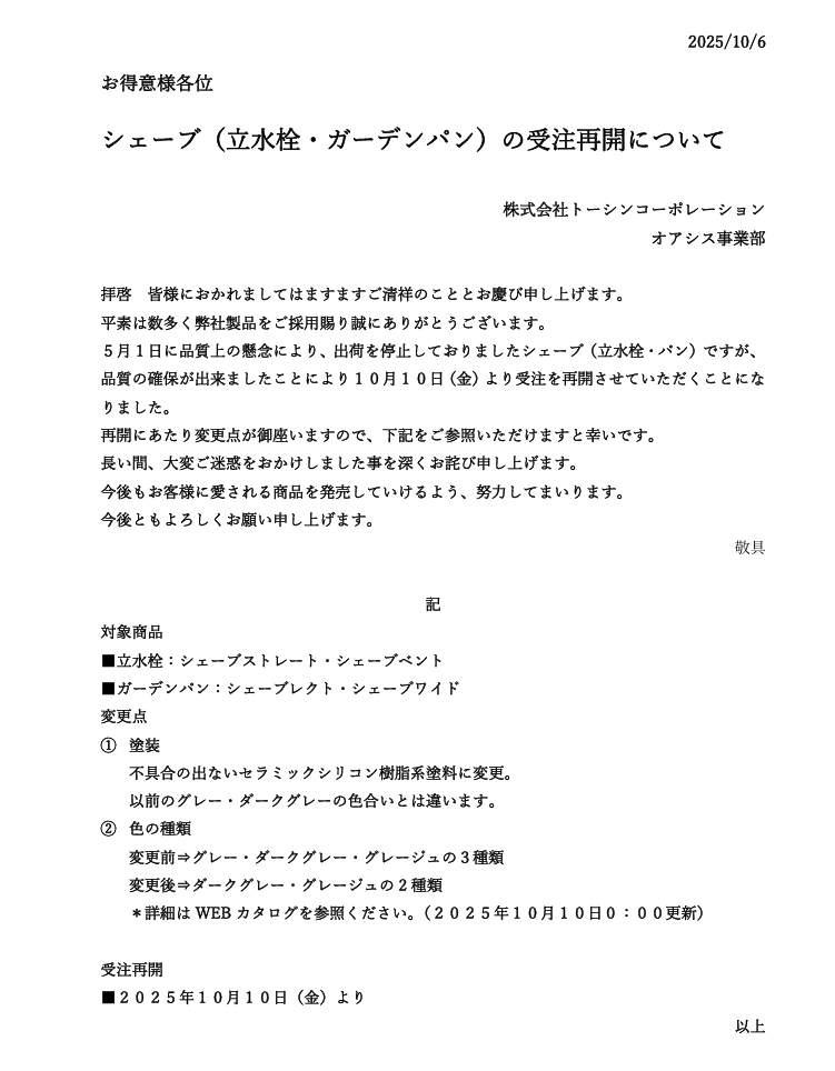 シェーブ(立水栓・ガーデンパン)の受注再開について
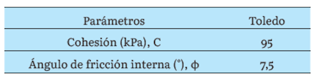 El muestreo se realizó de acuerdo con un procedimiento aleatorio en el sitio geológico de la formación Toledo. Las muestras se extrajeron sin alterar, de acuerdo con la normativa correspondiente. Después de realizar cinco ciclos de pruebas de laboratorio, se determinaron los valores promedio de las propiedades y los parámetros para cada suelo estudiado.
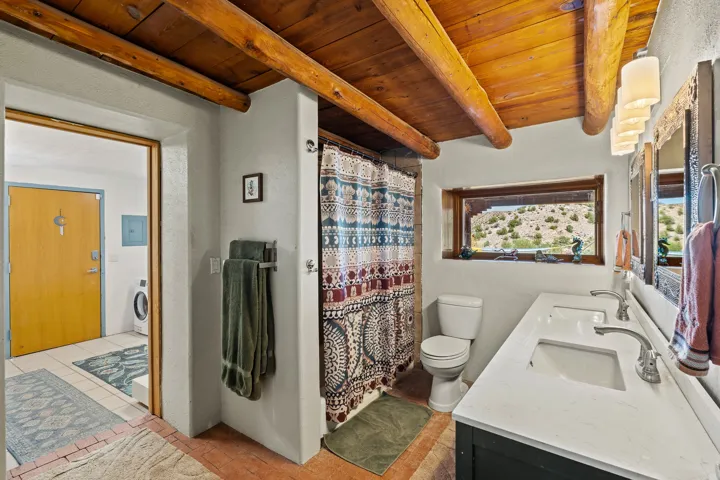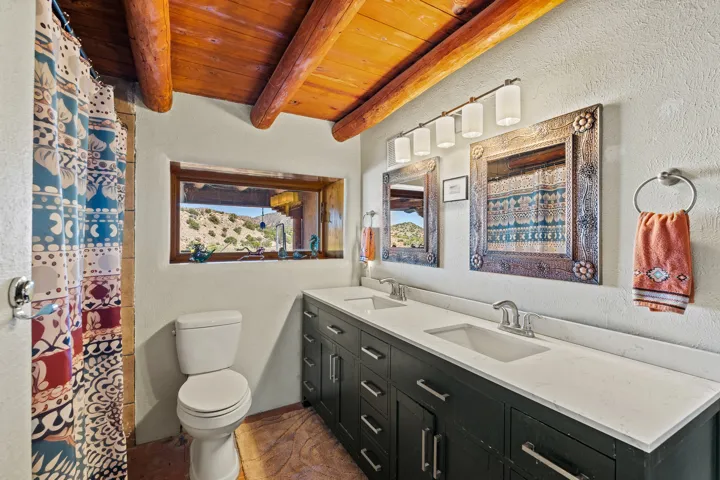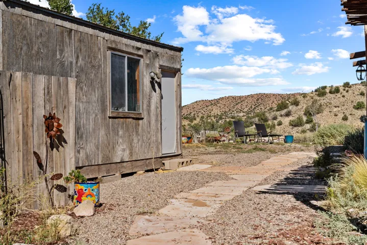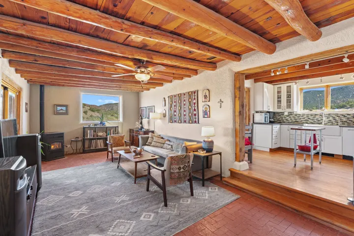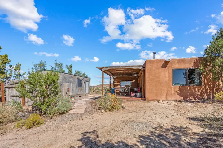 Nestled beside a breathtaking canyon which is part of the historic San Antonio de Las Huertas Land Grant, this charming adobe homeādating back to the 1940sāsits on two tranquil acres surrounded by sweeping mountain views. Thoughtfully updated to preserve its authentic Southwestern character, the home features traditional vigas and wood plank ceilings that create a warm, inviting atmosphere throughout.Ā Step onto the spacious covered portal, complete with vigas and a brick floor, and take in the serene vistas of the Sandia and Jemez mountainsāan ideal setting for outdoor dining or entertaining. Through sliding patio doors, the main portal opens into a cozy living room with a new pellet stove and beautifully plastered adobe walls. The remodeled kitchen blends rustic charm with modern convenience, offering a country-style farm sink, quartz countertops, newer appliances, and a butcher block island. Both bedrooms are generously sized, and the home is outfitted with Pella windows and patio door. Recent upgrades include a new membrane roof system, hot water heater, and main electric panel all installed in September 2025.Ā Additional features include a 320-square-fo square-foot workshop (sold āas-isā), a 108-square-foot storage shed with a picture window, and a large, fenced yard perfect for dogs. An older addition presents exciting possibilitiesāwhether as an expanded dining area or a second portal. Best of all, thereās no HOA to limit your vision for this unique property.
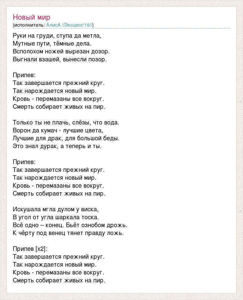 Руки на груди, ступа да метла, Мутные пути, тёмные дела. Всполохом ножей вырезан дозор. Выгнали взашей, вынесли позор. Припев: Так завершается прежний круг. Так нарождается новый мир. Кровь - перемазаны все вокруг. Смерть собирает живых на пир. Только ты не плачь, слёзы, что вода. Ворон да кумач - лучшие цвета, Лучшие для драк, для большой беды. Это знал дурак, а теперь и ты. Припев: Так завершается прежний круг. Так нарождается новый мир. Кровь - перемазаны все вокруг. Смерть собирает живых на пир. Искушала мгла дулом у виска, В угол от угла шаркала тоска. Всё одно – конец. Бьёт ознобом дрожь. К чёрту под венец тянет правду ложь. Припев [x2]: Так завершается прежний круг. Так нарождается новый мир. Кровь - перемазаны все вокруг. Смерть собирает живых на пир.
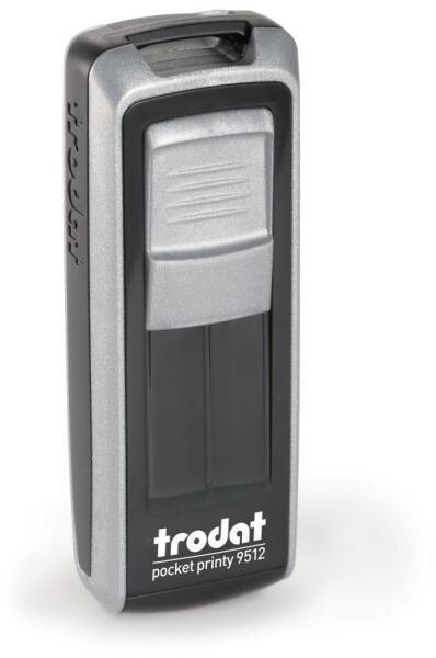 Trodat Pocket Printy 9512 Silverblack zsebbélyegző (47x18 mm) lenyomattal együtt használatra készen. A Trodat Pocket Printy 9512 a legkedveltebb önfestékező zsebbélyegző ezüst-fekete színben. A zsebbélyegzőcsalád közepes méretű tagja maximum 5 sor szöveggel, ezüst-fekete színű vázzal. Tökéletes megoldás azok számára, akik sokat utaznak, és a bélyegzőre is gyakran sz
+--
Requirement: Could you write out all the records exactly, without the pictures?

Your solution:
 シェーブ(立水栓・ガーデンパン)の受注再開について
 El muestreo se realizó de acuerdo con un procedimiento aleatorio en el sitio geológico de la formación Toledo. Las muestras se extrajeron sin alterar, de acuerdo con la normativa correspondiente. Después de realizar cinco ciclos de pruebas de laboratorio, se determinaron los valores promedio de las propiedades y los parámetros para cada suelo estudiado.
 Nestled beside a breathtaking canyon which is part of the historic San Antonio de Las Huertas Land Grant, this charming adobe homeādating back to the 1940sāsits on two tranquil acres surrounded by sweeping mountain views. Thoughtfully updated to preserve its authentic Southwestern character, the home features traditional vigas and wood plank ceilings that create a warm, inviting atmosphere throughout.Ā Step onto the spacious covered portal, complete with vigas and a brick floor, and take in the serene vistas of the Sandia and Jemez mountainsāan ideal setting for outdoor dining or entertaining. Through sliding patio doors, the main portal opens into a cozy living room with a new pellet stove and beautifully plastered adobe walls. The remodeled kitchen blends rustic charm with modern convenience, offering a country-style farm sink, quartz countertops, newer appliances, and a butcher block island. Both bedrooms are generously sized, and the home is outfitted with Pella windows and patio door. Recent upgrades include a new membrane roof system, hot water heater, and main electric panel all installed in September 2025.Ā Additional features include a 320-square-fo square-foot workshop (sold āas-isā), a 108-square-foot storage shed with a picture window, and a large, fenced yard perfect for dogs. An older addition presents exciting possibilitiesāwhether as an expanded dining area or a second portal. Best of all, thereās no HOA to limit your vision for this unique property.
 Руки на груди, ступа да метла, Мутные пути, тёмные дела. Всполохом ножей вырезан дозор. Выгнали взашей, вынесли позор. Припев: Так завершается прежний круг. Так нарождается новый мир. Кровь - перемазаны все вокруг. Смерть собирает живых на пир. Только ты не плачь, слёзы, что вода. Ворон да кумач - лучшие цвета, Лучшие для драк, для большой беды. Это знал дурак, а теперь и ты. Припев: Так завершается прежний круг. Так нарождается новый мир. Кровь - перемазаны все вокруг. Смерть собирает живых на пир. Искушала мгла дулом у виска, В угол от угла шаркала тоска. Всё одно – конец. Бьёт ознобом дрожь. К чёрту под венец тянет правду ложь. Припев [x2]: Так завершается прежний круг. Так нарождается новый мир. Кровь - перемазаны все вокруг. Смерть собирает живых на пир.
 Trodat Pocket Printy 9512 Silverblack zsebbélyegző (47x18 mm) lenyomattal együtt használatra készen. A Trodat Pocket Printy 9512 a legkedveltebb önfestékező zsebbélyegző ezüst-fekete színben. A zsebbélyegzőcsalád közepes méretű tagja maximum 5 sor szöveggel, ezüst-fekete színű vázzal. Tökéletes megoldás azok számára, akik sokat utaznak, és a bélyegzőre is gyakran sz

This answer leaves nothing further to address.